Since the banded matrix doesn’t change during sampling, and the array sizes of the calculation result and relevant gradient don’t change, I wanted to cache them. Also because I don’t want to use global variables for this…

With the memoization it’s running faster somehow, but still a lot of allocations, and still only half as fast as the same model implemented in PyMC. Plus a bunch of lock conflicts, although the inference result itself looks OK.
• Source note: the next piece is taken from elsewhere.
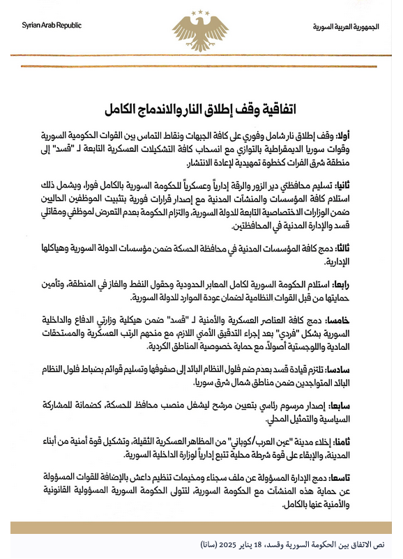 الشرع عقب توقيع الاتفاق مع "قسد"، 18 يناير 2026 (العربي الجديد) عرب وعالم بنود اتفاق وقف إطلاق النار بين الحكومة السورية و”قسد” by admin 18 January، 2026 written by admin 18 January، 2026 97 الشرع: الاتفاق الجديد هو من روح اتفاق 10 مارس العربي الجديد / نور ملحم توصلت الحكومة السورية، مساء الأحد، إلى اتفاق مع “قوات سوريا الديمقراطية” (قسد)، ينص على وقف إطلاق نار شامل وفوري على كل الجبهات ونقاط التماس بالتوازي مع انسحاب كل التشكيلات العسكرية التابعة لـ”قسد” إلى منطقة شرق الفرات كخطوة تمهيدية لإعادة الانتشار. وجاء في بيان تلته الرئاسة في قصر الشعب اليوم بدمشق، وحضره “العربي الجديد”، أنه جرى التوقيع على اتفاق جديد مع “قوات سوريا الديمقراطية” بحضور المبعوث الأميركي براك، ووقعّه أيضا مظلوم عبدي وإن لم يحضر الاجتماع. ويتضمن الاتفاق تسليم “قسد” محافظتي دير الزور والرقة إدارياً وعسكرياً للحكومة السورية بالكامل فوراً على أن “يشمل ذلك استلام كل المؤسسات والمنشآت المدنية مع إصدار قرارات فورية بتثبيت الموظفين الحاليين ضمن الوزارات الاختصاصية التابعة للدولة السورية، والتزام الحكومة بعدم التعرض لموظفي ومقاتلي “قسد” والإدارة المدنية في المحافظتين”. وعلاقة بالتعيينات، يسمح الاتفاق بـ”اعتماد قائمة قيادات مرشحة مقدمة من قيادة “قسد” لشغل مناصب عسكرية وأمنية ومدنية عليا في هيكلية الدولة المركزية لضمان الشراكة الوطنية”. وفي حين سيتم في محافظة الحسكة “دمج كل المؤسسات المدنية ضمن مؤسسات الدولة السورية وهياكلها الإدارية” مع تعيين محافظ للحسكة بمرسوم رئاسي كضمانة للمشاركة السياسية والتمثيل المحلي، جرى الاتفاق على أن تخلو مدينة عين العرب كوباني من “المظاهر العسكرية الثقيلة، إضافة إلى تشكيل قوة أمنية من أبناء المدينة، والإبقاء على قوة شرطة محلية تتبع إدارياً لوزارة الداخلية السورية”. كما اتُّفق على “العمل للوصول لتفاهمات تخص العودة الآمنة والكريمة لأهالي منطقة عفرين والشيخ مقصود إلى مناطقهم”. كذلك ستتسلم الحكومة السورية، بموجب الاتفاق “المعابر الحدودية وحقول النفط والغاز في المنطقة، وتأمين حمايتها من قبل القوات النظامية لضمان عودة الموارد للدولة”. في الشق العسكري، ينص الاتفاق على “دمج كل العناصر العسكرية والأمنية لـ”قسد” ضمن هيكلية وزارتي الدفاع والداخلية السورية بشكل فردي بعد إجراء التدقيق الأمني اللازم، مع منحهم الرتب العسكرية والمستحقات المادية واللوجستية أصولاً، مع حماية خصوصية المناطق الكردية مع التزام “قيادة قسد بعدم ضم فلول النظام البائد إلى صفوفها وتسليم قوائم بضباط فلول النظام البائد المتواجدين ضمن مناطق شمال شرق سوري”، بحسب مضمون الاتفاق، الذي التزمت بموجبه “قسد” بإخراج كل قيادات وعناصر حزب العمال الكردستاني (PKK) غير السوريين خارج البلاد لضمان السيادة واستقرار الجوار. ويقضي الاتفاق كذلك بدمج الإدارة المسؤولة عن ملف سجناء ومخيمات تنظيم “داعش”، بالإضافة للقوات المسؤولة عن حماية هذه المنشآت مع الحكومة السورية، لتتولى الحكومة السورية المسؤولية القانونية والأمنية عنها بالكامل. وفي المقابل، تلتزم دمشق بـ”مواصلة مكافحة الإرهاب (داعش) كعضو فاعل في التحالف الدولي مع التنسيق المشترك مع الولايات المتحدة في هذا الإطار لضمان أمن واستقرار المنطقة”. كما يرحب الاتفاق بـ”المرسوم الرئاسي رقم 13 لعام 2026 الذي ينص على الاعتراف بالحقوق الثقافية واللغوية الكردية، وعلى معالجة القضايا الحقوقية والمدنية لمكتومي القيد واستعادة حقوق الملكية المتراكمة من العقود السابقة”. وخلال توقيعه على الاتفاق، قال الرئيس السوري، أحمد الشرع، في دمشق، “ارتأينا أن نوقع اتفاقا مع تنظيم “قسد” من خلال الاتصالات لتهدئة التوترات الآن وسنتابع تفاصيل باقي بنود الاتفاق غدا (الاثنين)” عندما يصل قائد “قسد”، مظلوم عبدي إلى دمشق. وأضاف: “الاتفاق الذي توصلنا إليه اليوم مع قسد هو من روح اتفاق 10

Right now I’m thinking of still caching things, but going through the documentation more deeply first and learning how to do it in a thread-safe way. Maybe create a different struct entirely for everything that holds the “cached” stuff…

Could you try disabling the MCMC progress bar and see if that helps?

The only other immediate thing I’d suggest would be to try with a different AD backend (seems like from the commented out bits of code you’ve already looked into this…?). Compiled ReverseDiff is usually pretty good but not always the best. And for NUTS, the speed of gradient evaluation is pretty much going to be the most important factor in determining performance.

I was thinking of using Enzyme eventually? I read that it’s very fast. But Enzyme seems to require a whole bunch of coding “best practices” in order to work, which I still need to learn a lot about. So, I settled on first getting things working as well as I can with ReverseDiff, and only then see about migrating to Enzyme.

Also, the lock conflicts still happen with the progress bar disabled, I think it’s just because I memoized cache in the most cursed thread-unsafe way imaginable

Thank you for your advice, please tell me if you catch any other mistakes or possible improvements!

Alright. I think I agree with @abraemer I would not bother with the caching here. A global variable is not all that bad, you can also declare it as const if it is indeed immutable.

Alternatively, you can pass it as an argument into the model function and then thread it through the constructors, so that within the model body it’s a local variable.

Each time you evaluate the model it has to call jointGRW(...) and that means reading from the cache, and the AD backend has to differentiate through all of that memoisation code as well.